Dance: New Nagrin Solo Looks Into The Abstract

MAY 13, 1982

By Anna Kisselgoff

As both dancer and choreographer, Daniel Nagrin Is intense, powerful and rather angry. All these qualities come together In his 1981 solo “Poems Oft the Wall” and, more obliquely if just as forcefully, in his newest solo “Dance.”

Both works make up his current program at the Studio Theater at 550 Broadway. “If you need clear answers you cannot afford to look at dance” Mr. Nagrin proclaims in a paraphrase of J. P. Morgan during “Poems Off the Wall.” and that pretty much sums it up – not only his own viewpoint but also the rich nonverbal appeal of dance in general.

Paradoxically, Mr.

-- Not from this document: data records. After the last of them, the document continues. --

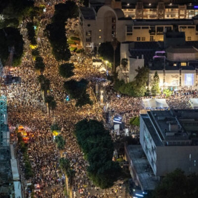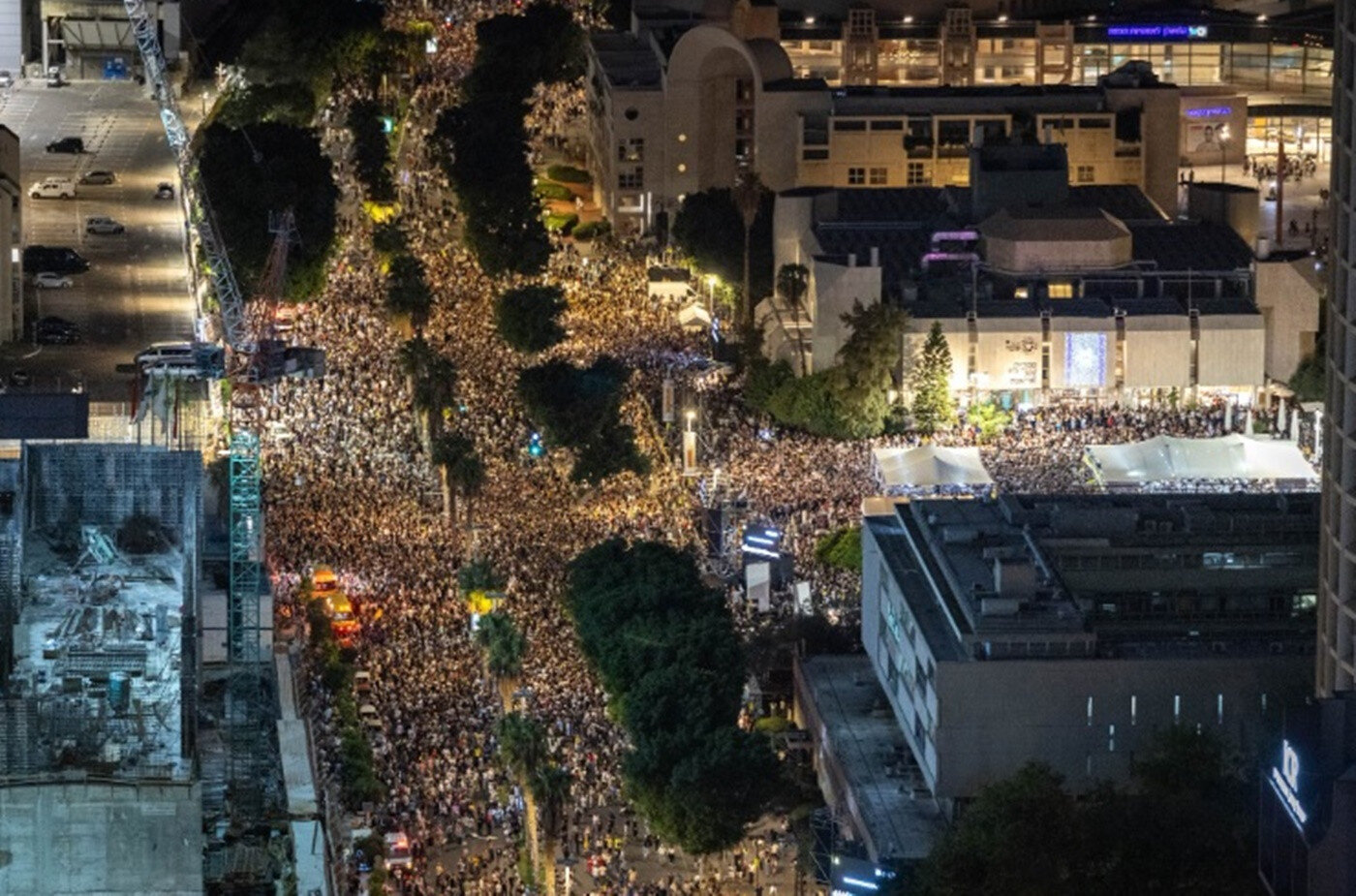 A szervezők becslése szerint négyszázezren gyűltek össze Tel-Aviv egyik központi terén, amelyet az utóbbi két évben átneveztek a Túszok terének, mivel a 2023. október 7-én a Gázai övezetbe hurcolt izraeliek hazahozatalát itt követelték a túszok hozzátartozói és támogatóik.
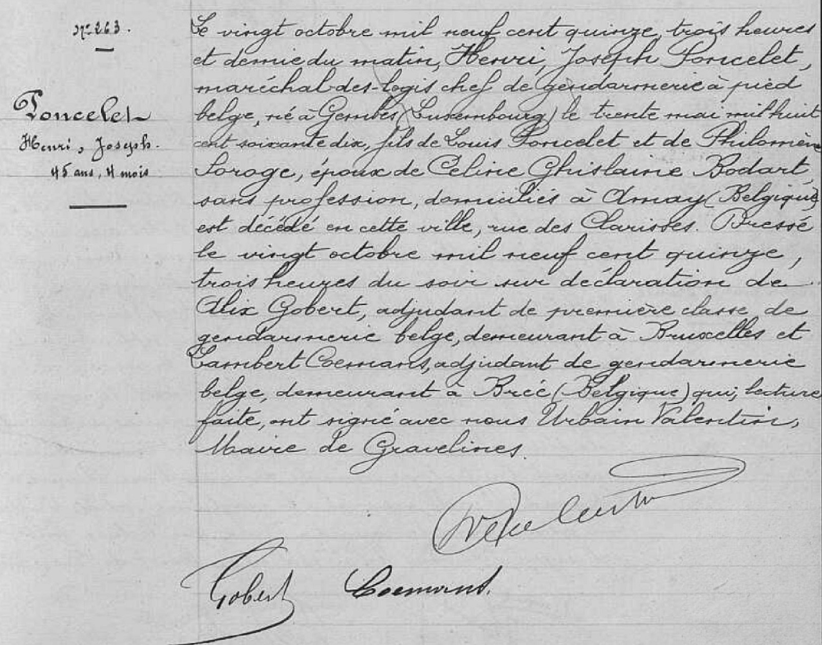 Acte de décès à Gravelines, Nord, FR (Source [368]) -
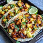 • Chicken tossed in teriyaki sauce, flour tortillas with a side of pineapple and shredded cabbage + carrot slaw and creamy garlic cilantro aioli
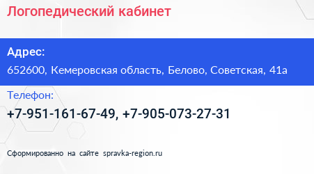 Логопедический кабинет по адресу 652600, Кемеровская область, Белово, Советская, 41а в дальнейшем Организация, размещена в следующих категориях:
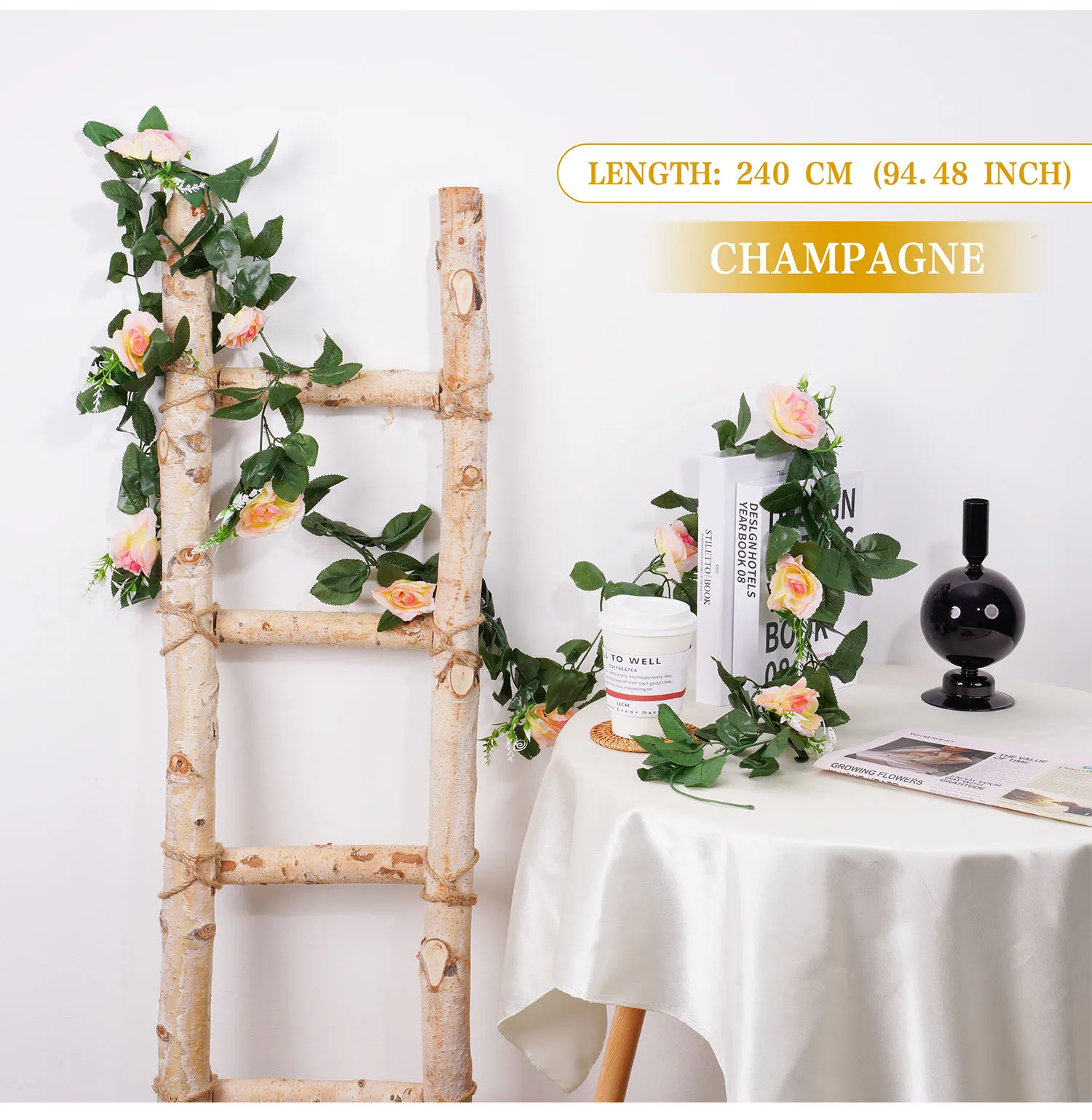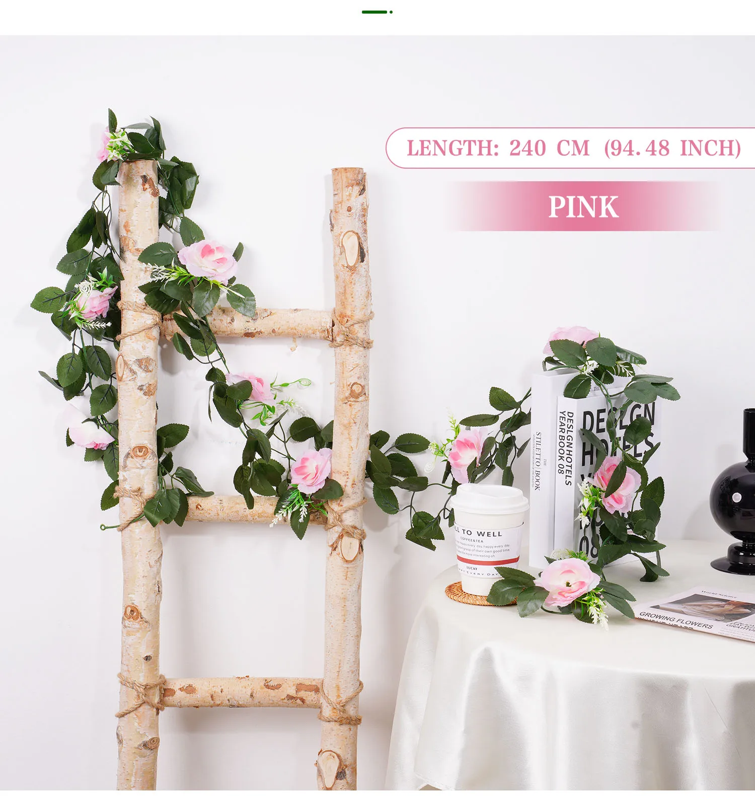 Qfdian 2.4M Rose Artificial Flower Spring Autumn Garden Arch Decor DIY Fake Flowers Vine for Wedding Garland Home Decoration ornements
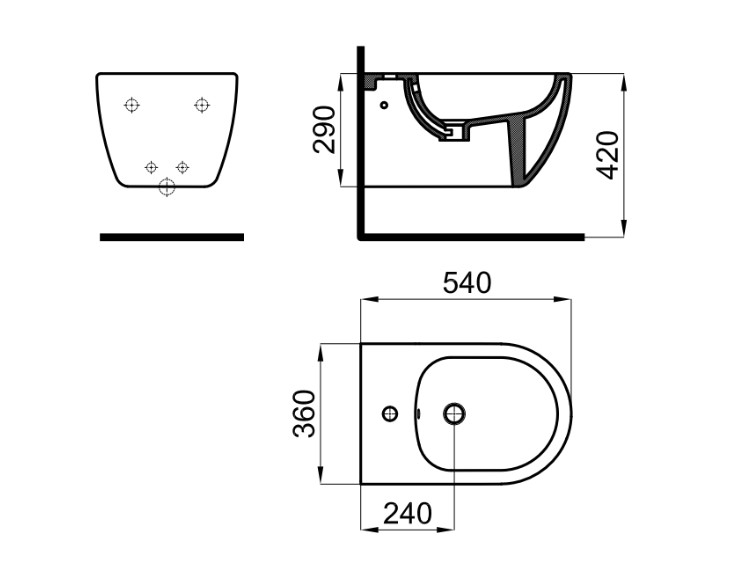 Главная / Каталог / Сантехника / Биде / NOKEN ARQUITECT Биде подвесное с креплениями, 533х367 мм, белый

Nagrin is as verbal as one can be in “Poems,” and yet the solo’s full dimension is felt only through the quality of the movement integrated into the text. The point about Mr. Nagrin, who will turn 65 years old next week, is the very individuality of his dancing.

The Nagrin dynamic is predicated on fierceness and originality. He remains Daniel Nagrin. Steps and gestures can be isolated as familiar ones. But when put together by Mr. Nagrin, no specific technique springs to mind, no school or tradition provides a ready context.

There is, obviously, something of the show dancer and the street character in his stage persona. Even in the most abstract of his solos, such as “Dance,” he exudes high drama. Gesture is at the root of his movement. Like a Kabuki dancer, he can amplify it into abstraction. Or he can use it literally and then in purely formal terms, inserted into the interstices of seemingly unrelated phrases.

“Dance” is set to Bartok’s Sonata for Solo Violin. Just as Mr. Nagrin is in black in “Poems,” here he is in white – Sally Ann Parsons’s two piece outfit with colored appliques. Like the music, the dancing begins quietly – In near stillness – moves through several climaxes and then subsides.

The shift in dynamic is always sharp. The quiet center to which Mr. Nagrin returns is the initial pose he struck after a slow spin. He stands two legs together, with a gently twisting torso, arms waving unevenly upward. Suddenly he sits or lies on his back and then moves several times along a diagonal, sometimes accelerating a phrase.

The first jump is as surprising as the pirouettes into which he throws himself before sitting casually, crosslegged, for a rest. When he rises, his sequences become more unexpected – such as the plumb – line drop of the elbow to the floor from a kneeling position. This formality is juxtaposed to some movement with an improvisatory air. Mr. Nagrin gropes forward or rotates his head. Toward the end his legs quiver. Everything is unpredictable.

“Poems Off the Wall” is a dissociated examination of personal and social concerns, thematically tied to clippings and pictures shown in slides by Pablo Orrego. He addresses “Intellectics and Criticuals” and moves with choppy wild-eyed zeal. He asks the hardest questions of himself. The performances will be repeated tonight, Saturday and Tuesday and nest Thursday.